(HOW TO COMPLETE THIS TASK):
Print, exactly as they stand, the lines below from the one that has "鬼灭之刃 三城限定 特典贴纸 全10种 国谷" to the one that has "Kuromi Swoosh Embroidered", inclusive, leaving out the pictures.
[SOURCE INFORMATION — start]
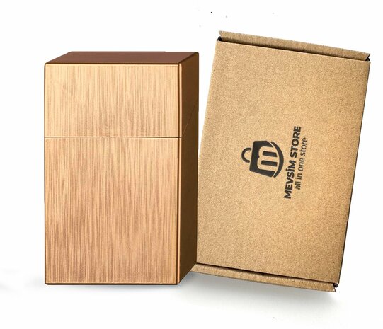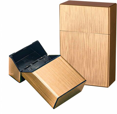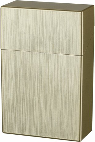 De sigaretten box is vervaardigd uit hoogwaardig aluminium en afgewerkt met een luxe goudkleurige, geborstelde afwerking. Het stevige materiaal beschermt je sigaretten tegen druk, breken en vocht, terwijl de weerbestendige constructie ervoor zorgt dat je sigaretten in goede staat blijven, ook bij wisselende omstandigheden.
[SOURCE INFORMATION — finish]
[SOURCE INFORMATION — start]
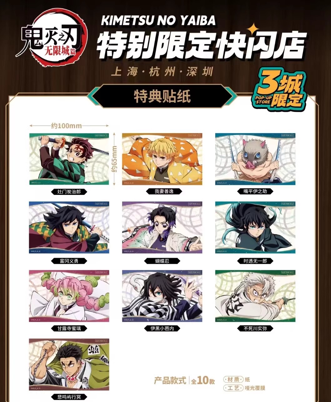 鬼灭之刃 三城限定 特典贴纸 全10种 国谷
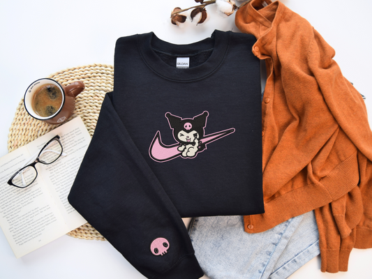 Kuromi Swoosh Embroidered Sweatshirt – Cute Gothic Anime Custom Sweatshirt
[SOURCE INFORMATION — finish]
(COMPLETED TASK):
 鬼灭之刃 三城限定 特典贴纸 全10种 国谷
 Kuromi Swoosh Embroidered Sweatshirt – Cute Gothic Anime Custom Sweatshirt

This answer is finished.